### Source material
──────────────────────────────

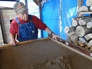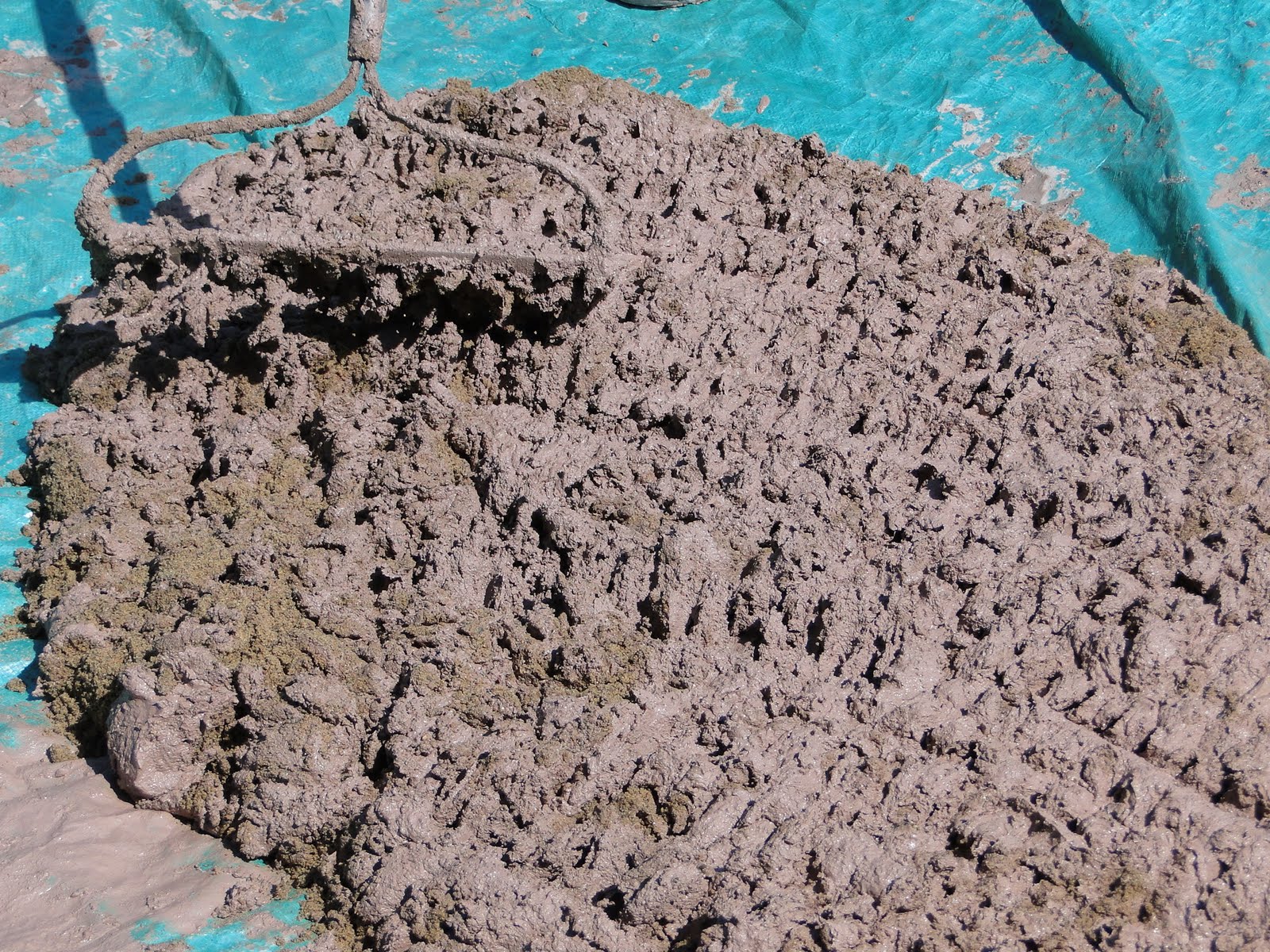 On a tarp we mixed sand with the mud (clay) we moistened earlier.
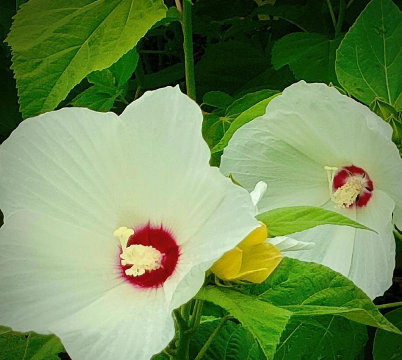 芙蓉葵花朵硕大,花色鲜艳美丽。植株耐高温湿热的能力强,管理简单。园林绿化中可用大型容器组合栽植,或地栽布置花坛,花境,也可绿地中丛植、群植。
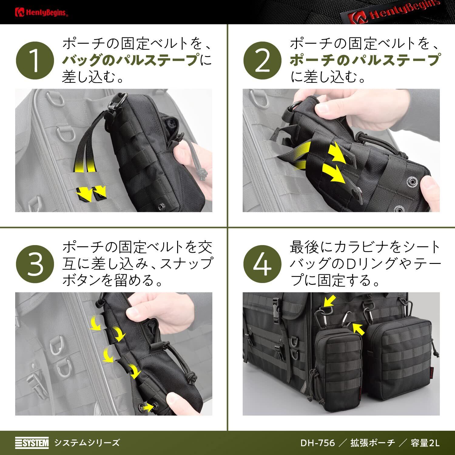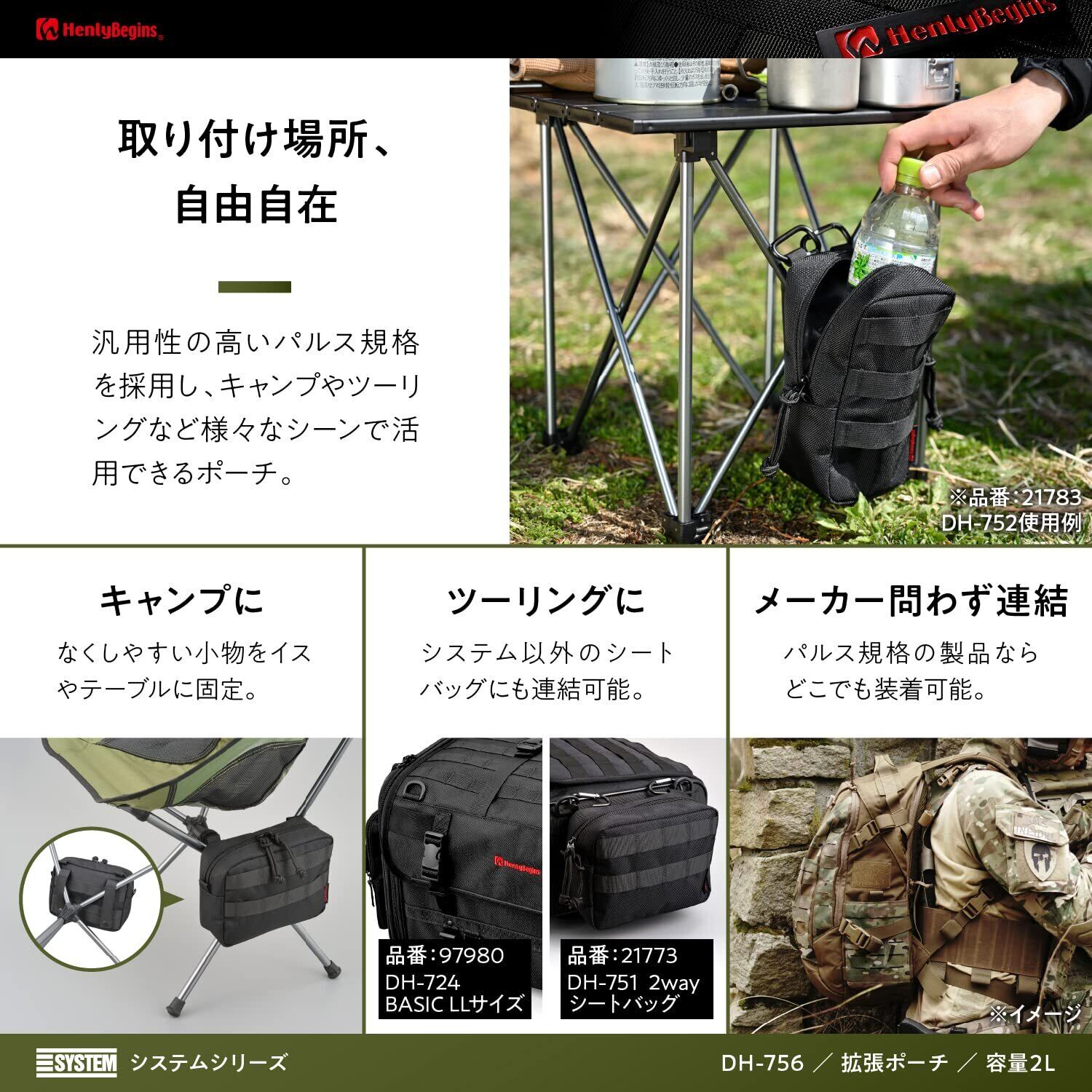 【仕様1】別売のキャンプシートバッグDH-750と本品を自由に組み合わせて使用できる、新感覚のカスタマイズシステムバッグ

──────────────────────────────

Copy out the lines above in full and unaltered, apart from the pictures.

 On a tarp we mixed sand with the mud (clay) we moistened earlier.
 芙蓉葵花朵硕大,花色鲜艳美丽。植株耐高温湿热的能力强,管理简单。园林绿化中可用大型容器组合栽植,或地栽布置花坛,花境,也可绿地中丛植、群植。
 【仕様1】別売のキャンプシートバッグDH-750と本品を自由に組み合わせて使用できる、新感覚のカスタマイズシステムバッグ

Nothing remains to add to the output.